**Task details:**
Set each line of the material below down word for word, from the first through the line that holds "An elegant and", but not the pictures.

**Available data:**
========

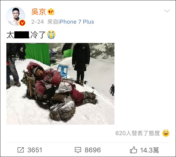 《攀登者》於早前1月開始拍攝工作,而主演吳京的微博上也有一直更新在雪域高原爬山的訓練動態。因為要在被冰雪覆蓋的珠峯取景拍攝,為求還原歷史真實的情況,訓練過程和拍攝工作都異常艱辛,參與電影的演員及工作人員有遇高原反應,甚至缺氧險情。
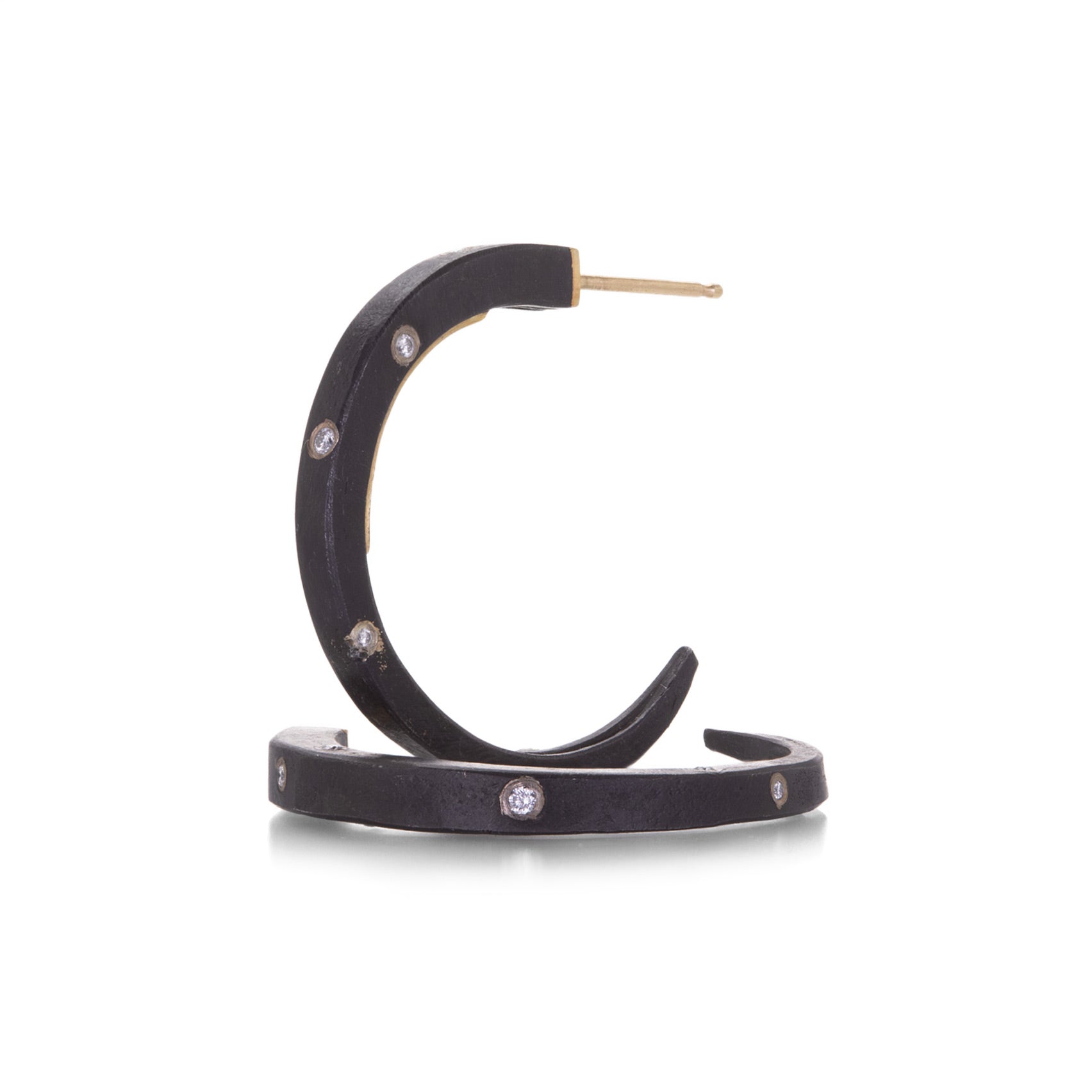 An elegant and simple design, this pair of hand forged iron hoops from Pat Flynn are a distinctive variation from the norm. With an 18k yellow gold post and diamonds sprinkled throughout the surface, picture yourself in these stylish black and gold beauties. Hoops measure 1" in diameter. Handcrafted in High Falls, NY, U.S.
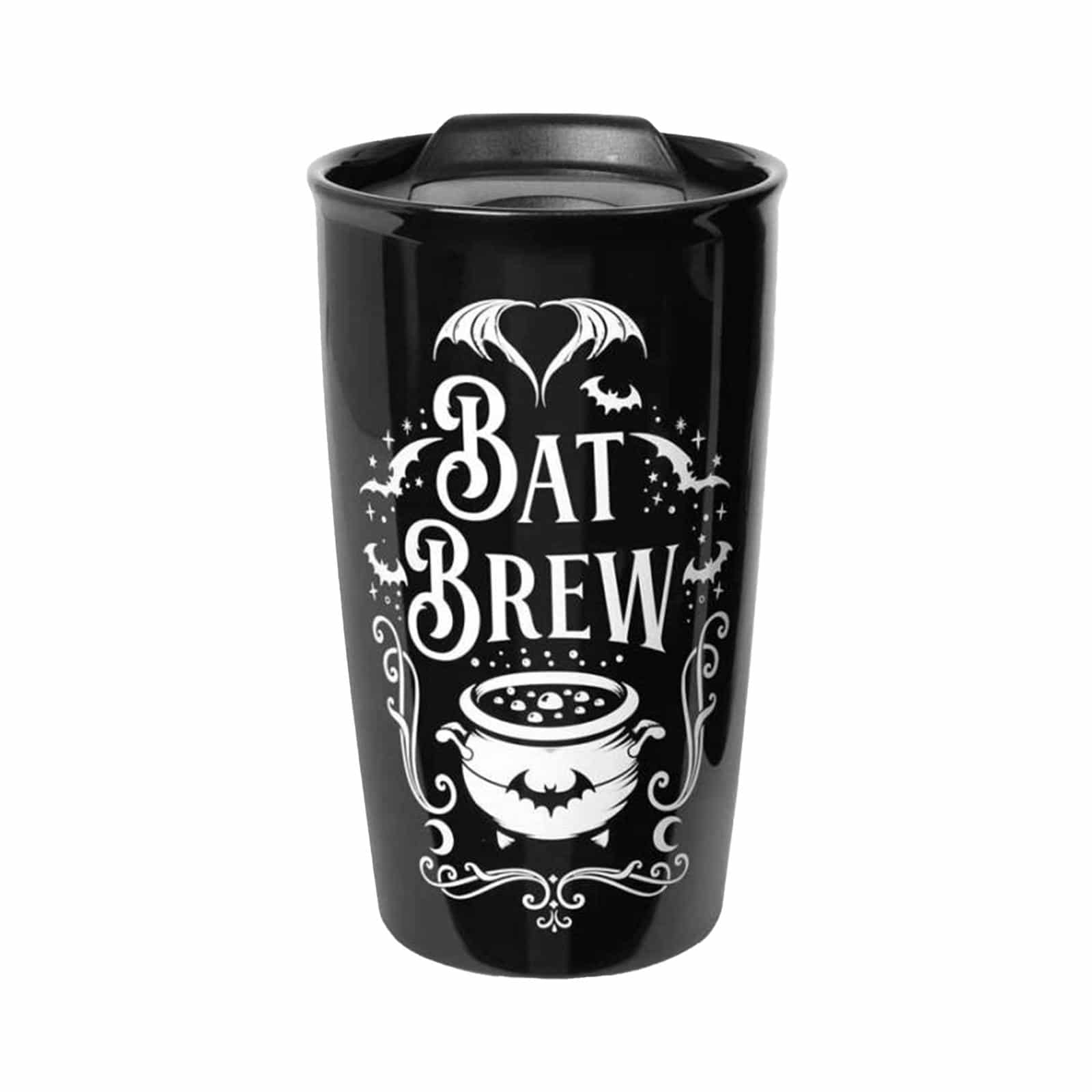 Doppelwandiger Keramikbecher mit Kunststoffdeckel und Verschlusskappe. Hält Getränke lange heiß. Mit weißem Statement Print im Bat-Style. Spülmaschinengeeignet, nicht in die Microwelle geben.
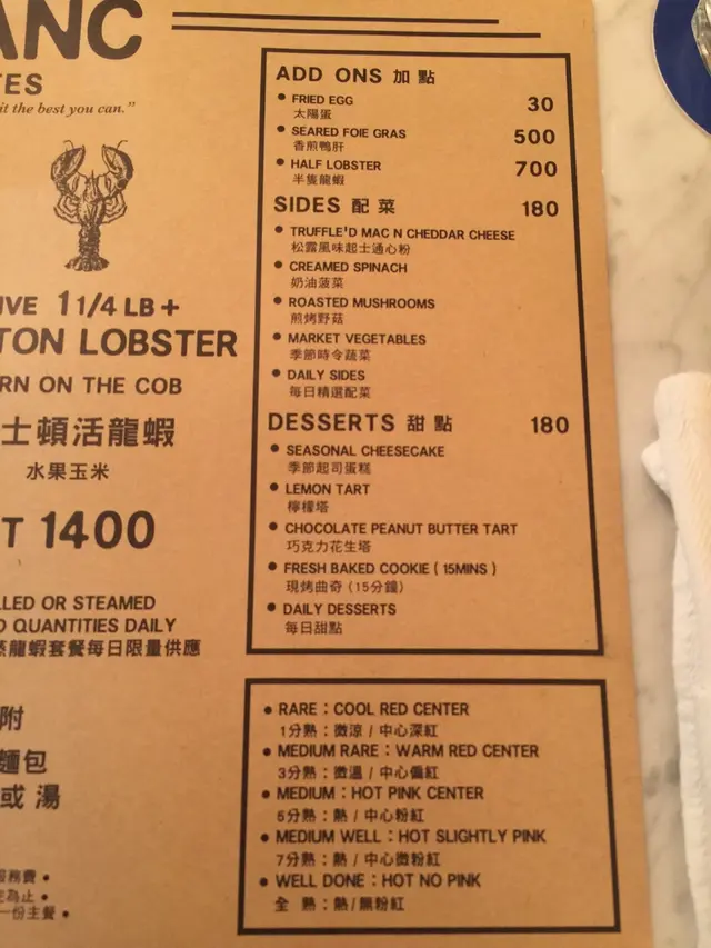 菜單的選擇也很簡單,主要的選擇就是肋眼牛排跟波士頓活龍蝦,

========

**Exercise output:**
 《攀登者》於早前1月開始拍攝工作,而主演吳京的微博上也有一直更新在雪域高原爬山的訓練動態。因為要在被冰雪覆蓋的珠峯取景拍攝,為求還原歷史真實的情況,訓練過程和拍攝工作都異常艱辛,參與電影的演員及工作人員有遇高原反應,甚至缺氧險情。
 An elegant and simple design, this pair of hand forged iron hoops from Pat Flynn are a distinctive variation from the norm. With an 18k yellow gold post and diamonds sprinkled throughout the surface, picture yourself in these stylish black and gold beauties. Hoops measure 1" in diameter. Handcrafted in High Falls, NY, U.S.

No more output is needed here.